◆ **WHAT TO WORK ON**: Here are some records; copy every line that holds the word "Dwór".

Records from a data source:
>>>

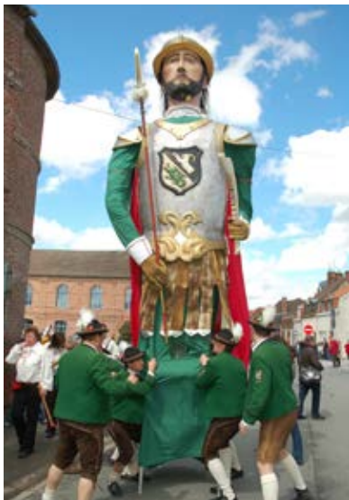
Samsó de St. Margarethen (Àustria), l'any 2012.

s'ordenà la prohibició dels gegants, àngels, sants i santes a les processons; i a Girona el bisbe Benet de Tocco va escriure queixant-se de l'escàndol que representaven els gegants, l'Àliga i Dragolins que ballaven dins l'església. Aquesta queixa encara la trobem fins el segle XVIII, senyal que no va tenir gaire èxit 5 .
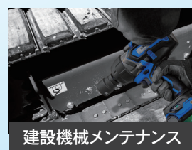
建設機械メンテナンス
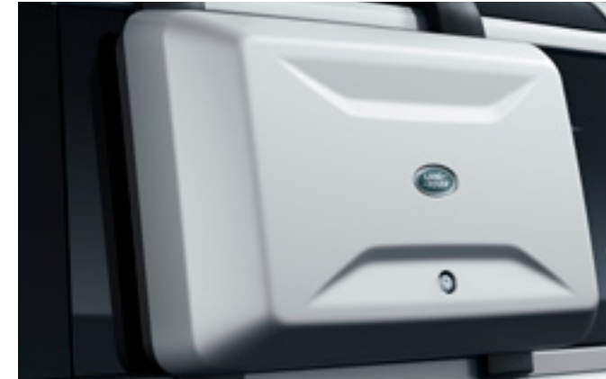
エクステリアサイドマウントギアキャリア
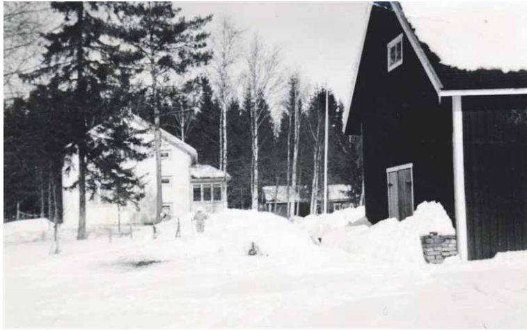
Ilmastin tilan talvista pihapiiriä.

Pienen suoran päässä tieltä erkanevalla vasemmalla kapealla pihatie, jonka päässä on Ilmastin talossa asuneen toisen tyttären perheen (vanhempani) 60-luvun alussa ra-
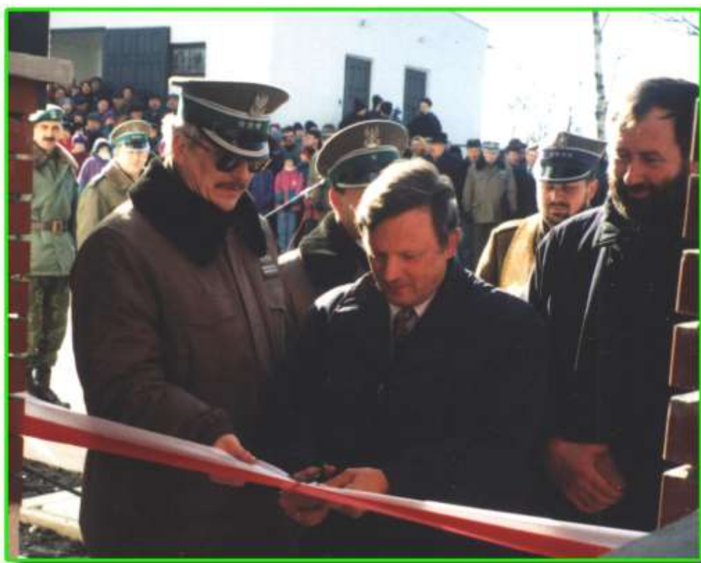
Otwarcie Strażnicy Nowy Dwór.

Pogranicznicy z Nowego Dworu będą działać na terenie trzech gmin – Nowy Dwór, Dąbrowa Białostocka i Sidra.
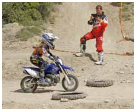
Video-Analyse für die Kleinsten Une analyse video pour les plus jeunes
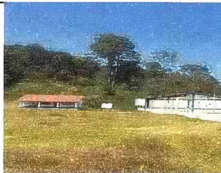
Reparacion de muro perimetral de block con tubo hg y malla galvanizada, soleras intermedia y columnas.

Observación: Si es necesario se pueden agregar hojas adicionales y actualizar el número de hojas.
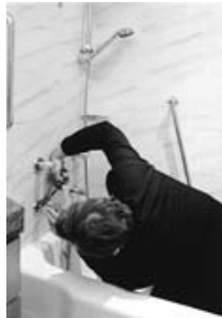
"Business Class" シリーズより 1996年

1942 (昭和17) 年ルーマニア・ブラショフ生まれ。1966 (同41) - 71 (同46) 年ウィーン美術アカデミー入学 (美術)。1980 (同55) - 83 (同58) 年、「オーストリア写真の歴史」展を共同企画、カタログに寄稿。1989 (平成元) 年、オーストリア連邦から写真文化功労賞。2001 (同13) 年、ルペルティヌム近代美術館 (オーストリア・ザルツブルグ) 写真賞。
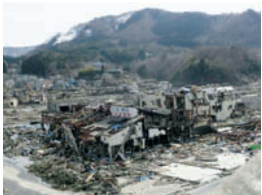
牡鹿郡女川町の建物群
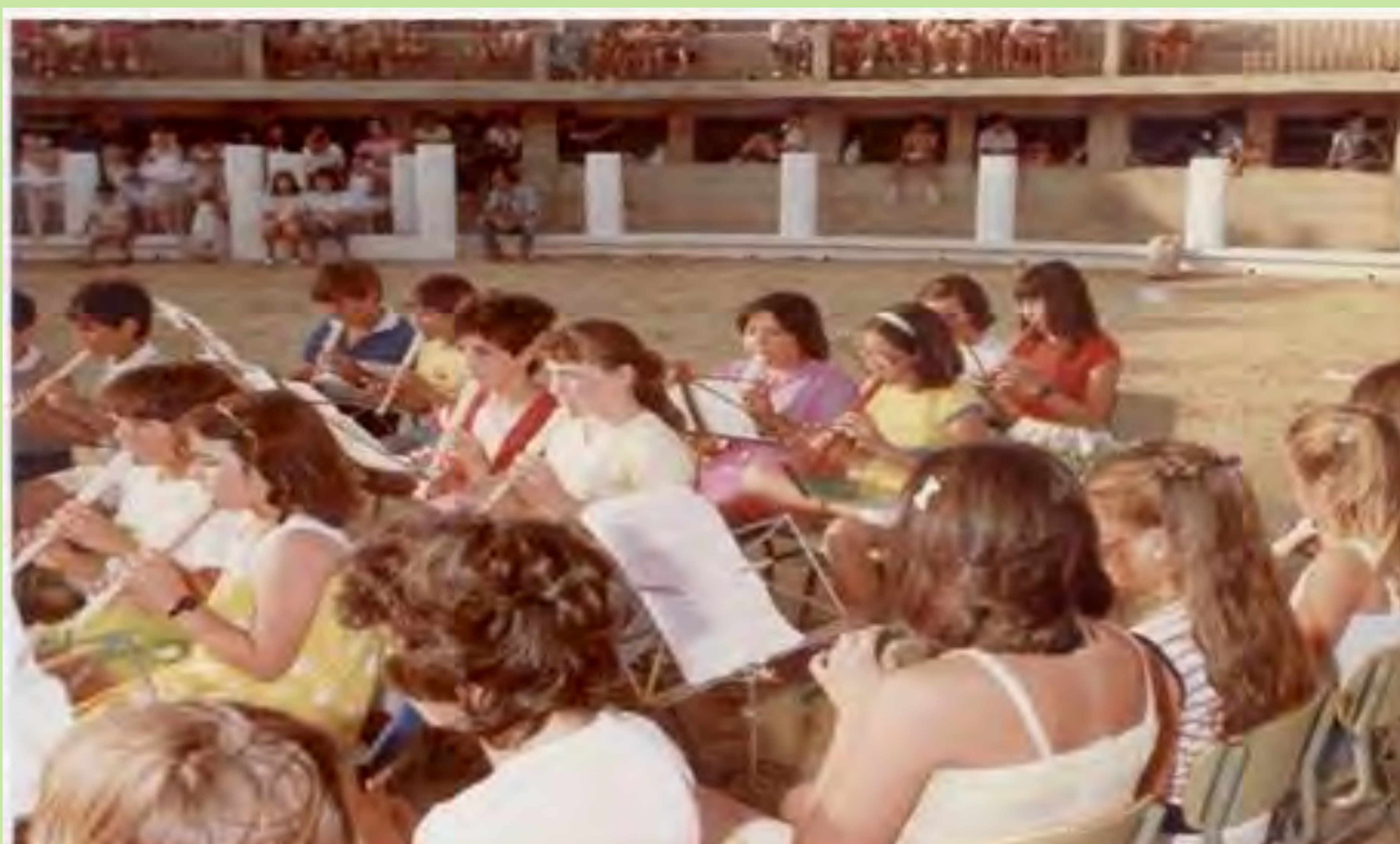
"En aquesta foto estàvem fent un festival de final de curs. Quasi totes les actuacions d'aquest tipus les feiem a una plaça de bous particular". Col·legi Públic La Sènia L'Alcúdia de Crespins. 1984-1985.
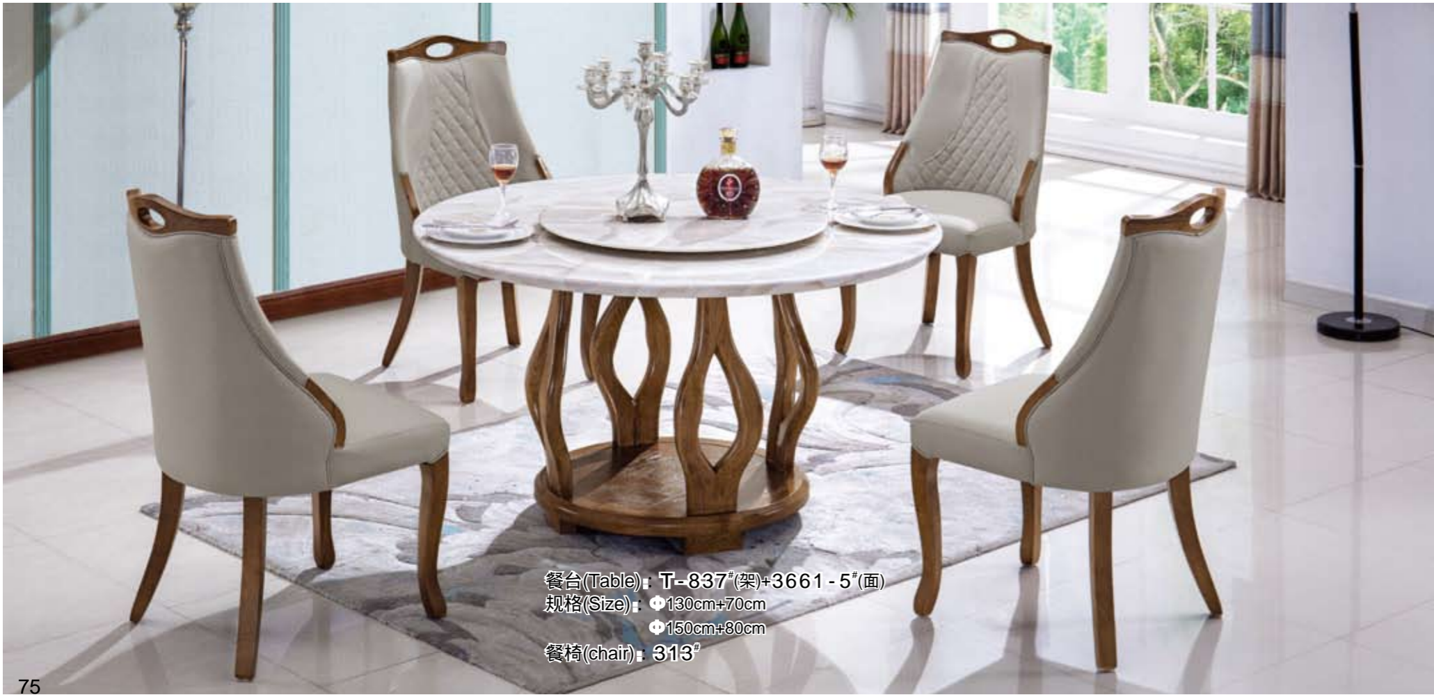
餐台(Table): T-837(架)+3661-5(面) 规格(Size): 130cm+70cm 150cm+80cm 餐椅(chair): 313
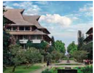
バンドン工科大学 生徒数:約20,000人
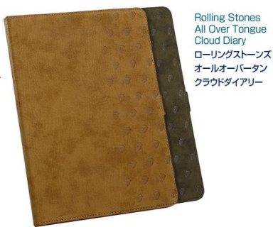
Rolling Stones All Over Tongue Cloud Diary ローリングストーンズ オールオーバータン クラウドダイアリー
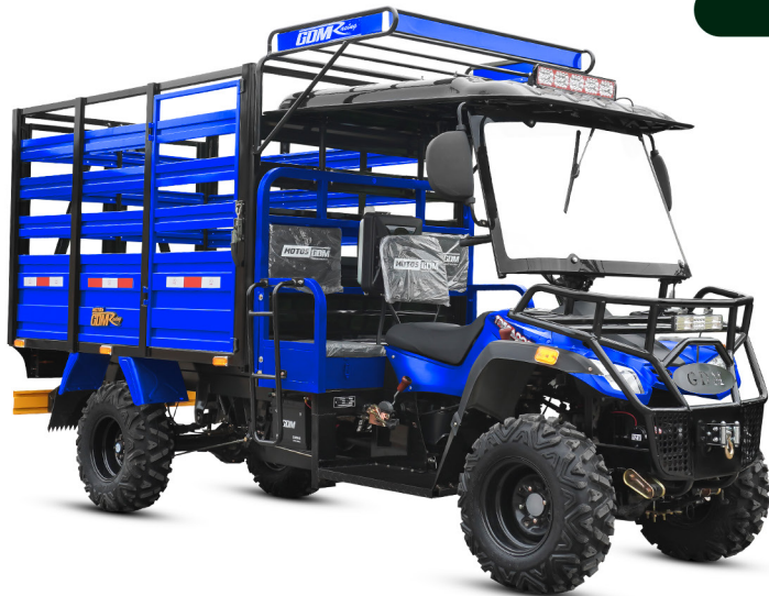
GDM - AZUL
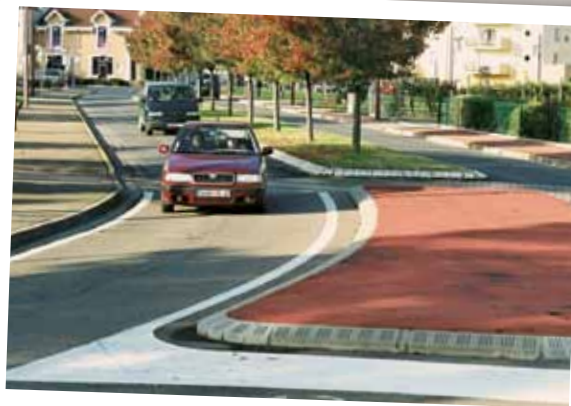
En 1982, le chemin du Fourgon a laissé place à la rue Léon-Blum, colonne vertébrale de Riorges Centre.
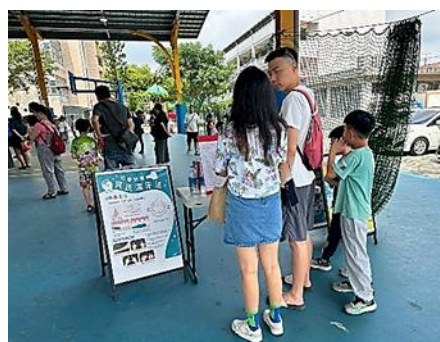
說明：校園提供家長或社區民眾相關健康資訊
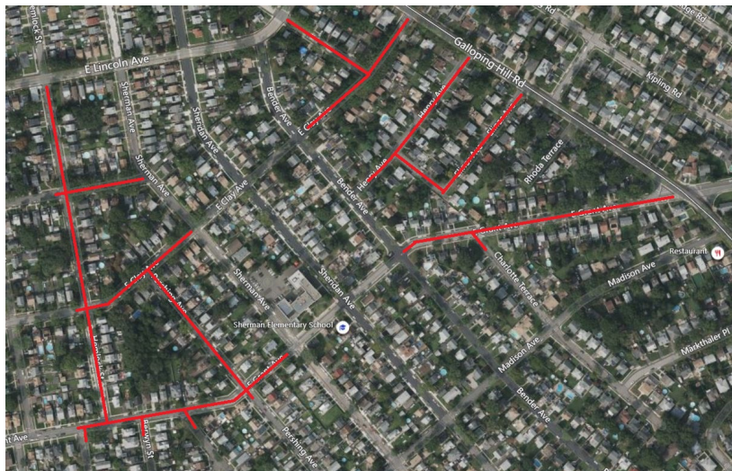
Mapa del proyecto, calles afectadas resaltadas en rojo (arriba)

<<<

◆ **EXERCISE OUTPUT**:
Otwarcie Strażnicy Nowy Dwór.
Pogranicznicy z Nowego Dworu będą działać na terenie trzech gmin – Nowy Dwór, Dąbrowa Białostocka i Sidra.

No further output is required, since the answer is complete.